As far as playability issues, I see none...not unless a game session involves sitting down and saying " okay, tonight, let's all build a spaceship/tank/plane/ship/train/zeppelin/etc. " and not roleplay an adventure. The tech architecture exists to make sets and props, period.

The tech architecture is the tool to build the setting and props for the play. By making it overly simplified on the foundation, people will make their own house rules anyways which will lead to fragmentation and inconsistancies. Having a complete foundation will prevent that. Having a single well tested version would prevent the problems you've had with 'bad' designs ( problems which wouldn't matter in a pure story-telling environment ). The consistancy should help to suspend disbelief.

Each subsection can spit out info about each sub-unit with its cost/mass/volume etc., which can be used in published rules' easy ship building system. BUT allow people to have access to the underlying system as a supplement. Detail would be available to use or ignore as the ref wishes.

Also, having a comprehensive tech architecture with many alternate options, as in FFS1, would disconnect the rules from the OTU, which in my opinion, is a plus.

Should it be part of the basic game?...no. It should be made as a supplement.But the basic game equipment should be able to be built using it.
 
Traveller is a pencil-and-paper game. I feel about starship design the same way I feel about chargen and mainworld gen. One can automate them, and in some circumstances it's preferable to do that, but the simple rules keep the game playable. So the simple rules ought to be reasonably simple.
Starship design is a peripheral part of the game. It's not something that appeals to everyone - no matter how simple you make it - and many campaigns are played using stock ships.

OTOH, a lot of the people it does appeal to *really* like it, and the more detail the better.

And then there are those in the middle, who want a different ship but don't have the time or inclination to use the detailed system.

We should be appealing to all three groups; they're all equally important.

Start with the detailed system - FF&S3. Build lots of standard modules to make it easier to use.

Simplify FF&S3 (less detail, more modules, but still compatible) to make the Simple Design System.

Build lots of stock ships.

Write software for both systems.

Does anybody disagree with any of this?
 
I agree completely. To me, that is ideal, and the position I have been trying to say.

The trick then is to make sure that weapon/armor and manuevering is the same across all levels so that a simple combat system can do all.

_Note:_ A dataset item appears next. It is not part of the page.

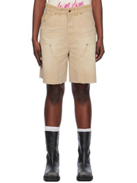 Cotton canvas shorts. Fading and whiskering throughout. · Paneled construction · Belt loops · Five-pocket styling · Zip-fly · Raw edge at cuffs · Hammer loop and welt pocket at back · Logo-engraved bronze-tone hardware Supplier color: Beige 100% cotton. Made in South Korea 241327F088004

Myself, I use Bruce MacIntosh's "fusion guard" system. Armor and weapon ratings seem simple as do armor ratings, etc. The hit tables are lot, but could be simplified if need be.

IMTU:
For manuevering, I agree with allocating thrust, evasion and aiming. I use attitude thrusters as seperate from main thrusters < and have to be designed into ship...aka bought and volume used;same cost/fuel-use as other thruster forms >, so attitude thrusters handle spinal aiming; main thrusters handle manuevering for closing and opening range; the average of the two, allocated to evasion, is analogous to 'agility'. Fuel usage is in g-turns and it matters to save it for when its really needed. Because of limited fuel for thrusting, no ship can dodge missles forever.

...or just use the manuevering rules as written.

I still say mass based designs and not volume based, but that should be left as a choice for players/refs ...an optional way of doing things. But then again, low tech stuff thats pre-grav should be mass based no matter what, right?

one other point...I think grav tech ruins play balance too much in that it is used as a crutch for laser focusing, and making planetfall/acheiving orbit as easy as a bus trip.
At least make it cost something energy-wise like W = eff%*mass*G*9.81

ground cars/airplanes/trains/ships/helicopters/jetpacks/hovercraft don't really exist in game because of grav-tech as written.

maybe that's just me.
 
oops...bad typo

watts = mass*G*9.81/eff%

too heavy?...toss somone over the side to be able to clear the windfarm's turbine blades....
 
Originally posted by Aramis:

Further, another strike against detailed design systems is the massive increases in potential errors with added details and complexities. Of the 200 or so ships I wrote up for MT (20 or so being Type S variants alone), 50 required corrections upon review by others due to mistakes, and 50 due to errata issues. Of the 50 or so FF&S1 designs, all required corrections by others reviews.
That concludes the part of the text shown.